Depois de respirar fundo e examinar seus curativos, limpos e recém-trocados, durante algum tempo, o caçador quebrou o silêncio.

— Isso foi antes dos Vormags reaparecerem, meu amigo. Agora arrisco a dizer que a guardiã corre mais perigo do que já correu em toda a sua vida até o dia de hoje.

— Vormags? — o gigante perguntou espantado. — Que raios está falando? Além dos ferimentos aparentes você sofreu alguma pancada na cabeça para falar algo tão sem sentido?

Ainda sentado na poltrona, o caçador franziu a sobrancelha ao disparar um olhar fulminante de repreensão para o seu amigo e balançou negativamente a cabeça, de um lado para o outro.

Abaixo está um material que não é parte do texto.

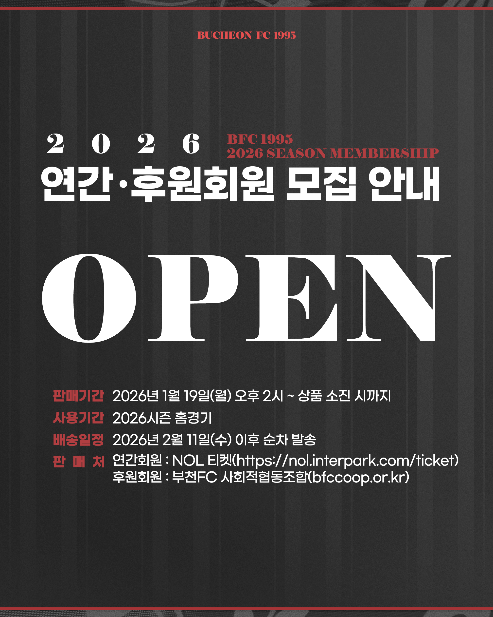 부천FC1995가 2026시즌 연간·후원회원을 모집한다.
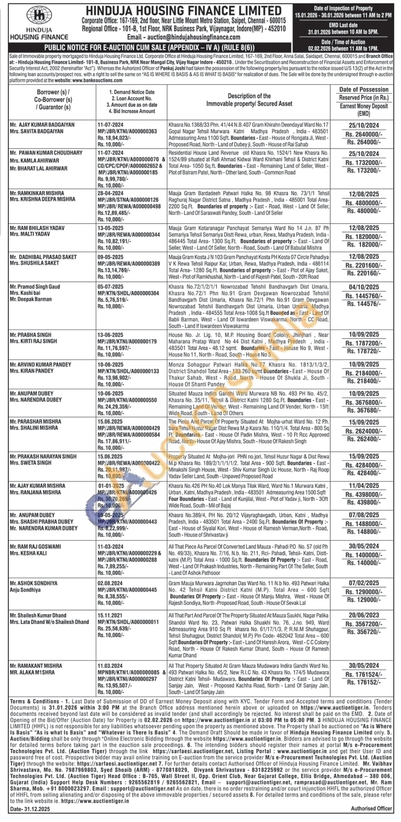 contact Authorised Officer of Hinduja Housing Finance Limited. Mr. Vaibhav hrivastava, Mo. No. 7987969803, Syed Shoaib (ARM) 8770818029, Divyank Shrivastava 8318225992

— Não, Adimus, não recebi nenhuma pancada na cabeça — o caçador pôs-se de pé, aproximou-se do gigante, colocou a mão direita sobre o seu ombro e com uma expressão mais branda, continuou. — Minha irmã não lhe falou nada sobre isso, não foi?

— Não!

— Foi o que eu imaginei — o caçador apontou para uma das cadeiras próximas à mesa e falou: — Sente-se, meu amigo. Vou lhe contar tudo o que aconteceu nesses últimos dias.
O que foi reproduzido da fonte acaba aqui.